Neuromechanical Model-Based Control for Soft Exosuit Back Assistance
The paper "Adaptive assistance with an active and soft back-support exosuit to unknown external loads via model-based estimates of internal lumbosacral moments" by Alejandro Moya-Esteban et al. presents a novel approach to controlling back-support exosuits through a neuromechanical model-based controller (NMBC). Rather than relying on traditional kinematic measurements, this exosuit leverages real-time electromyography (EMG)-driven models to inform force assistance, addressing a gap in adaptive support during lifting tasks with unknown external loads.
Overview and Key Contributions
The paper introduces a NMBC for a soft exosuit designed to provide adaptive support by modulating assistive forces based on the active component of lumbosacral joint moments. These moments are estimated using real-time EMG data, which inherently adapts to variations in external loads such as differing weights of lifted objects. This methodology is set apart from conventional virtual spring-based control (VSBC) strategies, which depend on kinematic indicators such as trunk inclination and do not adapt to variations in load conditions.
The experimental paper with ten participants demonstrated that the NMBC could better modulate assistive forces than the VSBC when participants lifted 5 kg and 15 kg weights. Notably, the NMBC achieved superior reductions in cumulative compression forces at the lumbosacral joint, with improvements of 18.2% and 21.3% for the lower and higher weight conditions, respectively, compared to 10.7% and 10.2% with VSBC.

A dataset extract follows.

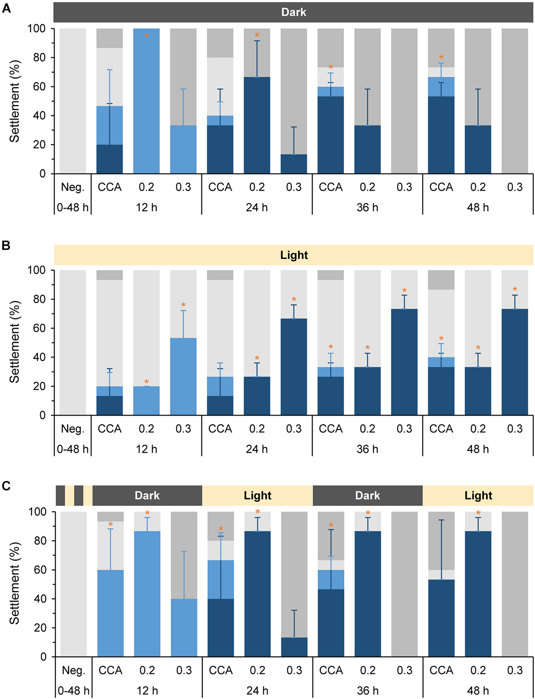 Settlement behavior of Leptastrea purpurea larvae in response to different concentrations of cycloprodigiosin (I) and three varying light regimes. Coral larvae were exposed to (I) levels of 0.2 μg mL–1 and 0.3 μg mL–1 for 12, 24, 36, and 48 h in complete darkness (A), constant white light (B) and 12 h alternating periods of dark and light phases starting with complete darkness (C). Percentages of swimming larvae are displayed in light gray, attachment in light blue, settlement (attachment and metamorphosis) in dark blue, and dead larvae in dark gray colors. Evaporated MeOH and 5 mL of FASW served as negative control (Neg). Small pieces of live CCA emerged in 5 mL of FASW were used as positive control. Error bars represent standard deviations of settlement and attachment. Asterisks (*) represent significant settlement responses (p < 0.05, n = 3).

Numerical Results and Implications
Importantly, the NMBC modulated peak assistive forces to 2.13 N/kg for the 5 kg and 2.82 N/kg for the 15 kg conditions, while VSBC forces remained relatively constant, evidencing the NMBC's adaptive capability. This dynamic adjustment potentially allows the exosuit to support users more effectively across varying biomechanical demands, translating to a broader scope of practical application in occupational settings.
The results indicate that the NMBC could provide meaningful reductions in muscular effort and spinal loading, important factors in occupational health. Given that low back pain (LBP) affects a significant portion of the global workforce, the development of adaptive exoskeleton assistance technologies holds promise for reducing the prevalence of work-related musculoskeletal disorders.
Theoretical and Practical Implications
From a theoretical perspective, this research underscores the potential of EMG-driven models in configuring human-machine interfaces that adapt to user-specific and task-specific conditions. Practically, the implementation of the NMBC in soft exosuits could enhance their usability in various domains, from industrial settings to healthcare environments. The ability to provide load-adaptive and subject-specific support could lead to greater acceptance and longer adoption spans for such wearable robotics.
Future Directions
Future research could explore the integration of NMBCs in various exosuit configurations, extending beyond the lumbar support scope to other applications such as upper-limb assistance. Furthermore, refinement of the EMG signal processing and real-time model execution could enhance responsiveness and increase user comfort. Investigating real-world deployments would also be invaluable for examining long-term benefits and ergonomics.
Overall, the paper presents a sophisticated evolutionary step in wearable robotics for occupational health, emphasizing the crucial interplay between biological signals and mechanical assistance in optimizing human-robot interactions.